The review found problems ranging from an out-of-date firewall to a lack of
advanced malware detection technology on individual computers, according to
two of the people familiar with the matter. The firm recommended taking
special precautions to protect any financial information related to donors
and internal communications including e-mails, these people said.

The DNC paid $60,000 for the assessment, according to federal filings.

Mark Paustenbach, a spokesman for the DNC, declined to comment on the Good
Harbor report. Emilian Papadopoulos, president of Washington-based Good
Harbor, said he couldn’t comment on work done for a specific client.
Missed Warnings

The security review commissioned by the DNC was perhaps the most detailed
of a series of missed warnings. Officials at both the Republican National
Committee and the DNC received government briefings on espionage and
hacking threats beginning last year, and then received a more specific
briefing this spring, according to another person familiar with the matter.

Cyber-security assessments can be a mixed blessing.
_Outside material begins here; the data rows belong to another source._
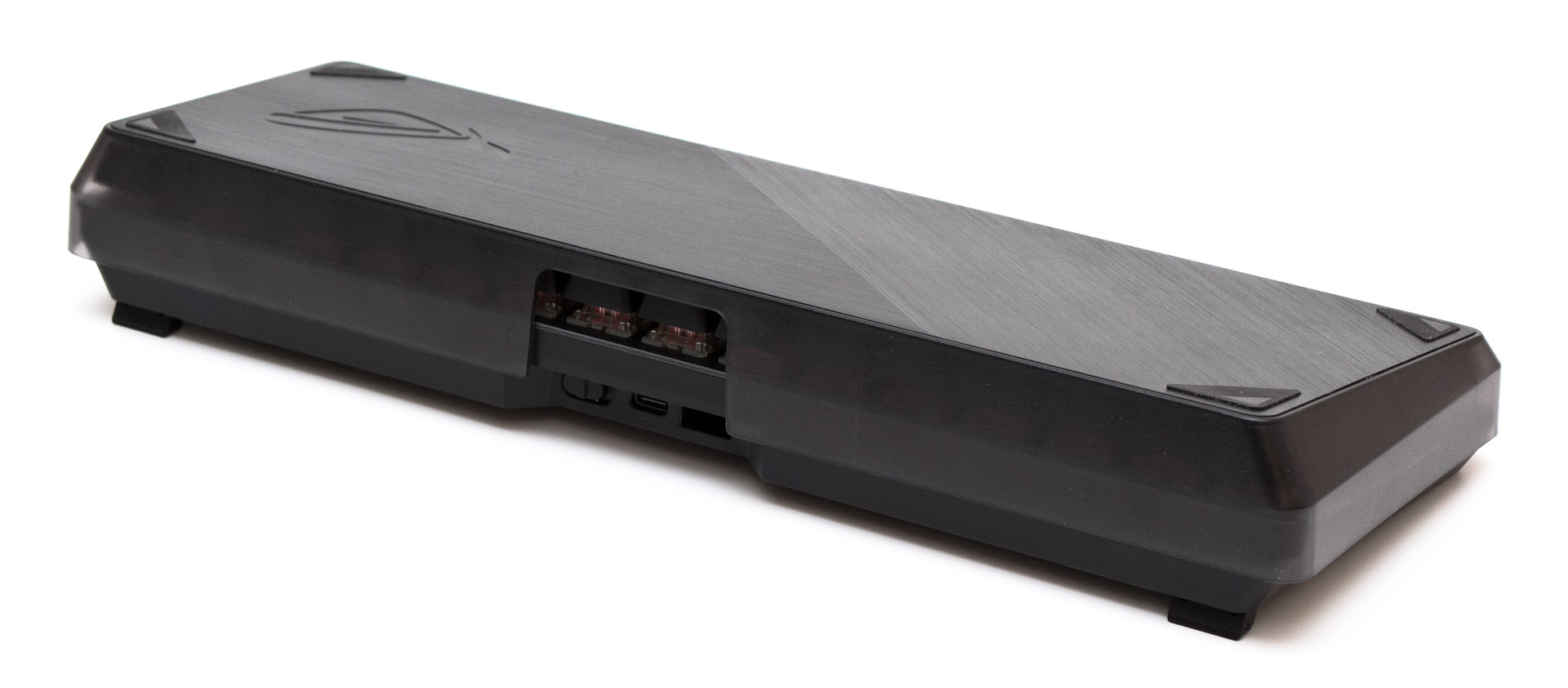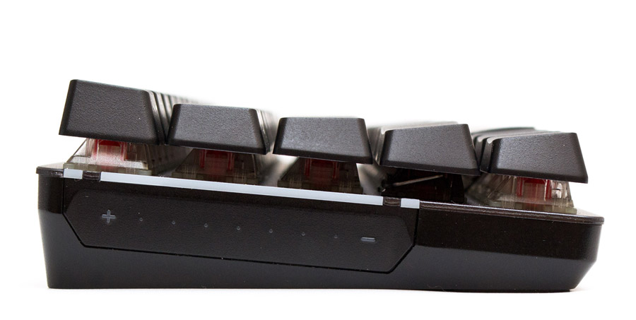 Изюминкой ASUS ROG Falchion является сенсорная панель, встроенная в левую боковину корпуса. Она очень чувствительная. На ней есть тактильные насечки в виде символов «+» и «–» и семи точек, каждая из которых подсвечивается разным цветом, в зависимости от текущей индикации или характера прикосновения пользователя. Например, при изменении уровня громкости вслед за пальцем бегает белая полоска света, при одиночном нажатии в одну из трех зон вверх, внизу или посередине воспроизводится красный цвет, а альтернативно светодиоды могут отображать текущий уровень заряда батареи или синхронизироваться с подсветкой клавиш. Красота, да и только. Светодиодная полоса на грани вверху дублирует подсветку боковой панели. В её верхней части находится индикатор блокировки Win Lock, а в нижней части — Caps Lock, оба белого цвета.
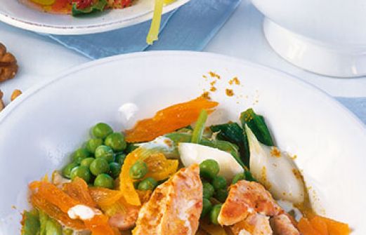 Puten-Geschnetzeltes mit Curry Zutaten 120 g Langkorn-Naturreis (parboiled) 200 g Putenbrustfilet 1 Bund Frühlingszwiebeln 3 getrocknete Aprikosen 2 EL Rapsöl Salz Pfeffer 1 TL Currypulver 150 g tiefgekühlte feine Erbsen 125 ml Hühnerbrühe 2 EL Schmand guk:similarity-k [...]
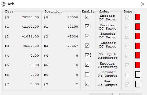 One issue I see is that on the Axis Screen Axes 4 and 5 are enabled and configured to Drive SnapAmp in Microstep Mode even though I don't see where they were ever configured. SnapAmps Output channels are all already used by axes 0-3. Do you have other programs? Did you Flash anything to KFLOP?

Legal experts say some
general counsels advise organizations against doing such assessments if
they don’t have the ability to quickly fix any problems the auditors find,
because customers and shareholders could have cause to sue if an
organization knowingly disregards such warnings.

Papadopoulos said a risk analysis by his firm is designed to “help an
organization’s senior leadership answer the questions, ‘What are our unique
and most significant cyber security risks, how are we doing managing them,
and what should we improve?’ ”

The firm typically recommends that clients conduct a so-called breach
assessment to determine whether hackers are already lurking in the network,
Papadopoulos said. He wouldn’t confirm whether such a recommendation was
among those delivered to the DNC.

“We give recommendations on governance, policies, technologies and crisis
management,” he said. “For organizations that have not had a compromise
assessment done, that is one of the things we often recommend.”

It isn’t certain a breach assessment would have spotted the hackers,
according to Barron-DiCamillo, but it would have increased the chances.
“Why spend the money to have Good Harbor come in and do the recommendations
and then not act on them?,” she asked.